Nadel, a member of our Twin Cities Jewish community and one of the principal dancers of the Ragamala Dance Company, notes that both traditions seek a spiritual connection with the Divine that can be brought closer through dance — be it the highly choreographed movements of traditional Indian dance or the exuberant group dances that are always a part of simchot (joyous occasions), such as weddings and B’nai Mitzva.
Tamara Nadel left her native New York City (where she took her first dance lessons at the 92nd Street Y) to study religion — with a dance minor — at Macalester College in 1991, and never looked back. It was in her freshman year that she joined a dance history classmate from India to see Ragamala’s founding artistic director, Ranee Ramaswamy, perform, and she was hooked.
Nadel immediately started studying with Ramaswamy; but those dance lessons had to be put on hold while she explored her Jewish background in Israel on a junior year abroad program.

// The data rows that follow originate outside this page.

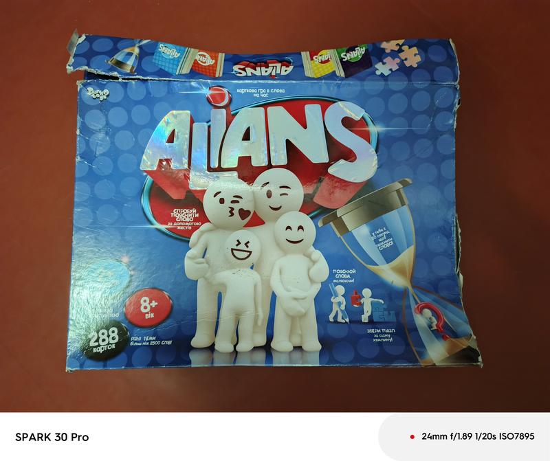 Все карточки в наличии, в хорошем состоянии, нет песочных часов и пазла, коробка в плохом состоянии.
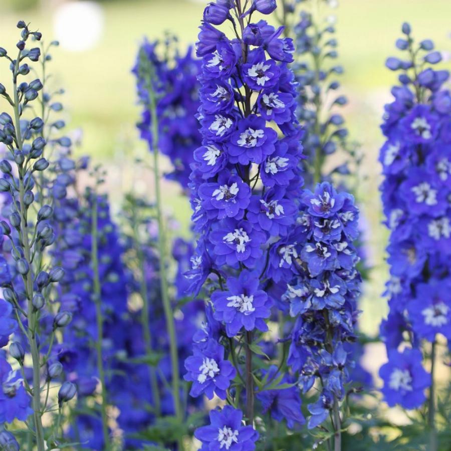Растение 150-170 см высотой. Цветки полумахровые до 5,5 см в диаметре, светло-синие с белым глазком. Соцветие конусовидное, 40-50 см длиной. Цветет с июля 14-18 дней.
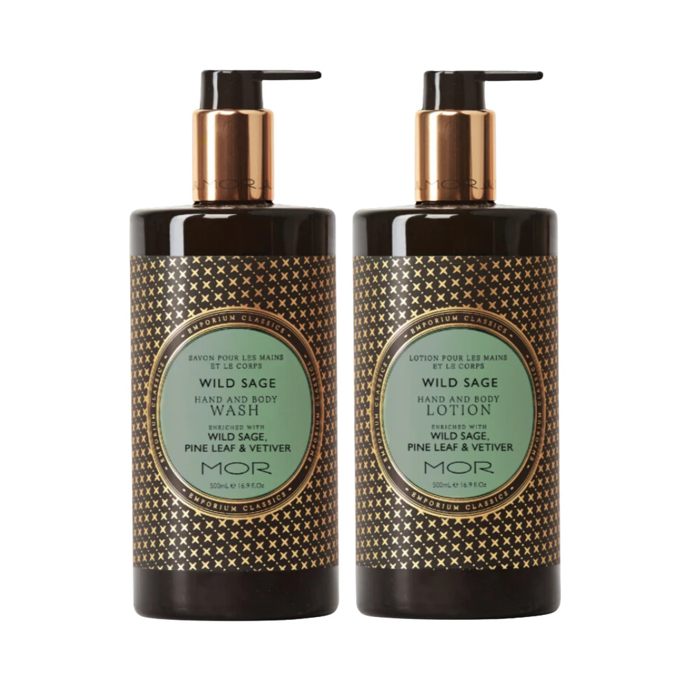 Elevate your daily self-care ritual with the MOR Emporium Classics Wild Sage collection, a sophisticated duo designed to cleanse, hydrate, and perfume the skin. This luxurious set features an earthy, fresh aroma where herbal sage meets the depth of ambergris, musk, and vetiver, creating a grounding sensory experience that lingers long after use.

After a short ulpan (Hebrew study course), she spent two months at Kibbutz Beit HaEmek in the Galilee, and then enrolled at the University of Haifa where she took classes in Hebrew language, Jewishness in American and Israeli literature, and archaeology.

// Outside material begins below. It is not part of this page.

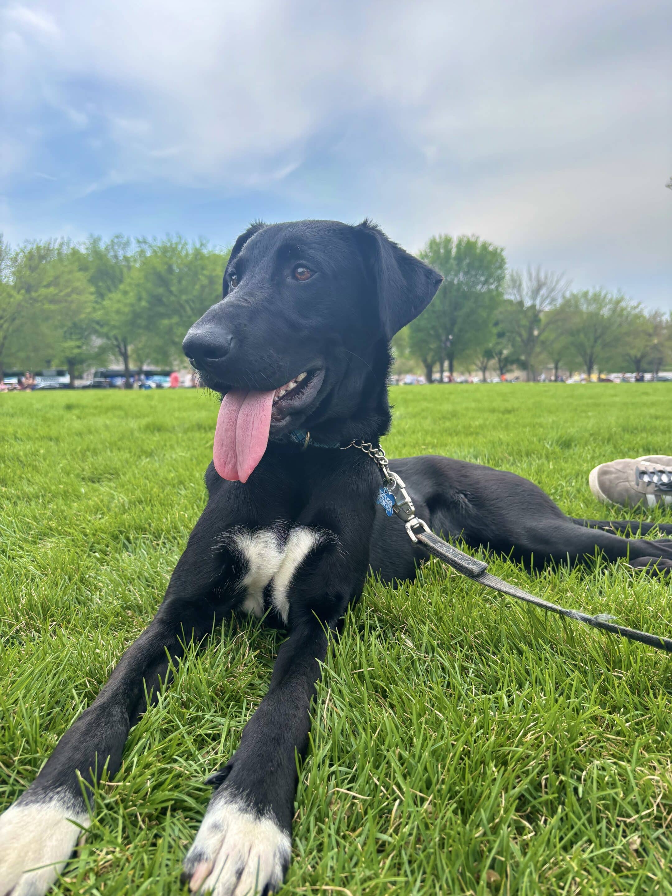 Cliff was a big fat (he’s actually very slender) foster fail. We began fostering him last March of last year and adopted him that April. We don’t know his birthday, but his gotcha day is April 18th, and he’s probably about 2 years old. His white chest and paws mean he permanently dons a tuxedo. He is the sweetest boy, and there’s very little he doesn’t love. He has many special talents, including turning anything found on the ground into a snack, active/vocal dreaming, disregarding personal space, having the world’s longest tongue, and costing us a fortune on medical care. He also has many personalities, responding to Cliff, Clifford, Bubs, Bubbas, and Sir Clifforington (among others). We don’t believe his DNA test results and are convinced he’s a lab mix. His daily walks, rain or shine, are some of his favorite times of day!

Upon her return to St. Paul, she jumped back into dance classes with Ramaswamy, who quickly offered Nadel a place in the Ragamala Dance Company, which performs the South Indian dance form of Bharatanatyam.
Dancing with the Ragamala Dance Company has taken Nadel to places that expanded her worldview and her appreciation of this unique dance form. Performances have taken her and the Ragamala troupe to venues as varied at the Kennedy Center for the Performing Arts in Washington, D.C., to the Just Festival in Edinburgh, Scotland, to the NYU Center in Abu Dhabi.
It was during a dance tour in Chennai, India, that Nadel was able to connect with members of India’s ancient Jewish community.
She recalls how, “20 years ago, I was the recipient of a Jerome Fellowship which gave me time and resources to meet and learn about the Jewish community in Cochin. I wanted to learn more about this 2,500-year-old community, immersed in both cultures. I met a relative of the Jewish wardens of the Cochin Synagogue. She introduced me to them. The family welcomed me to their home for Shabbat and introduced me to Jews in other cities. One Jewish family was the very last one in their town and they were preparing to make aliya.”
During that long history, many Sephardic Jews from Spain and Portugal arrived in India, seeking refuge from the Inquisition. Their story inspired Nadel to work with choreographer Ranee Ramaswamy and Jewish musical artists — including Beth El Synagogue’s Cantor Audrey Abrams — to create a cross-cultural music and one-woman dance piece, using texts from Sephardic poets of the Golden Age of Spain.
The result was Haven’t I Hidden Your Name?, which premiered at Beth El in 2017. The dance attempts to bring the shared Hindu and Jewish goal “to illuminate the universal journey of a human soul longing for transcendence,” according to the program’s introduction. Nadel recently performed the piece at the Conney Conference on Jewish Arts at the University of Wisconsin-Madison.
It’s no wonder that Nadel’s contributions to this intercultural/cross-cultural art form have brought her wide recognition. Tamara is a 2006 McKnight Artist Fellow in Dance. She is the recipient of a Jerome Foundation Travel Study Grant, as well as grants from the Minnesota State Arts Board, the Metropolitan Regional Arts Council, Rimon: The Minnesota Jewish Arts Council, and the Howard B. and Ruth F. Brin Jewish Arts Endowment of the Minneapolis Jewish Federation.
In addition, she has served on the City of Minneapolis Arts Commission and on panels for the National Endowment for the Arts, Minnesota State Arts Board and McKnight Foundation, among others. She currently serves on the board of Minnesota Citizens for the Arts.
What’s next for Tamara Nadel and Ramagala? With the easing of COVID restrictions, Ramagala will be touring Greater Minnesota this summer under a grant from the Metropolitan Regional Arts Council; first stop, DreamAcres Farm in Wykoff, Minnesota.
And how about Israel? Nadel has ideas.
“I’d love to take Haven’t I Hidden Your Name to Israel. I applied to a festival a couple years ago, but wasn’t selected. It’s one of my dreams!”